In Paris, Barbie learns from rival fashion designer, Jacqueline, that Millicent is going out of business. Barbie meets Millicent and her assistant Alice and is informed that her aunt has lost work due to negative reviews and has since sold the building to a restaurant franchise known as "Hotdogeteria".

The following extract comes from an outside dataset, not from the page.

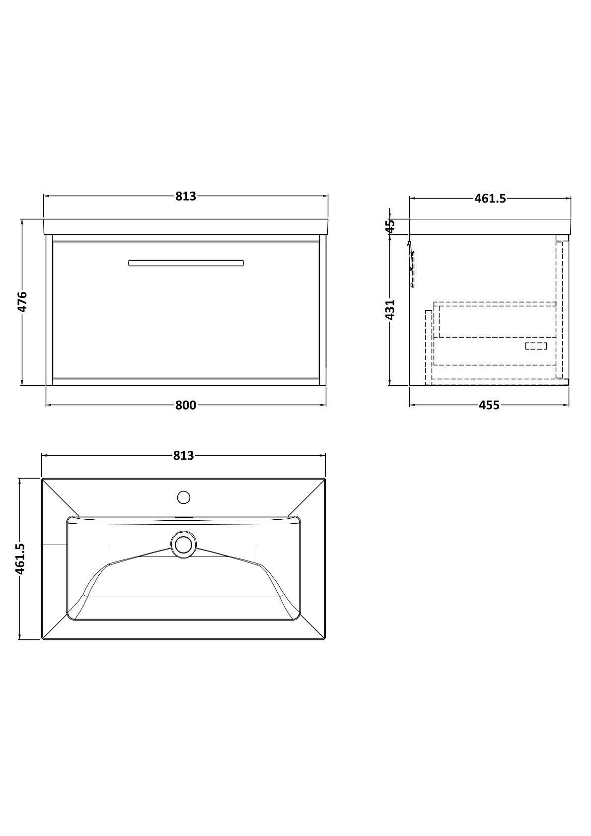 nuie Lux Roseburn 800mm Wall Hung 1 Drawer Unit and 1 Tap Hole Contemporary Basin - Autumn Oak
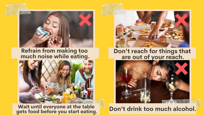 Fifth, refrain from making too much noise while eating.

Alice takes Barbie to the attic and tells her about the magical creatures who supposedly lived in the fashion house. Placing a dress designed by Alice in a magic wardrobe, Barbie and Alice find and recite the chant to summon the magical creatures, who introduce themselves as the "Flairies", Glimmer, Shimmer, and Shyne. Impressed by Alice's design, the Flairies use their magic to enhance it with sparkles. As the fashion house is the source of the Flairies' power, Barbie and Alice decide to put on a fashion show featuring new designs by Alice to raise money and save the building.

Jacqueline soon finds out about the Flairies and kidnaps them and demands they add sparkle to her own designs. Finding the outfits uninspiring, the Flairies warn Jacqueline that their magic might be unstable. Jacqueline ignores them and plans to put on her own fashion show the same night as Millicent's.

Despite the Flairies' disappearance, Millicent is inspired by Alice's designs and helps work on the line for the fashion show. Later that night, Barbie's poodle, Sequin, and Millicent's dog and cat, Jacques and Jilliana, are alerted to the Flairies' location by a trail of sparkles. The three pets sneak into Jacqueline's and rescue them. The next day, Barbie, Alice, and Millicent awaken to find sparkle added to all their new outfits, and an elaborate setup for the fashion show.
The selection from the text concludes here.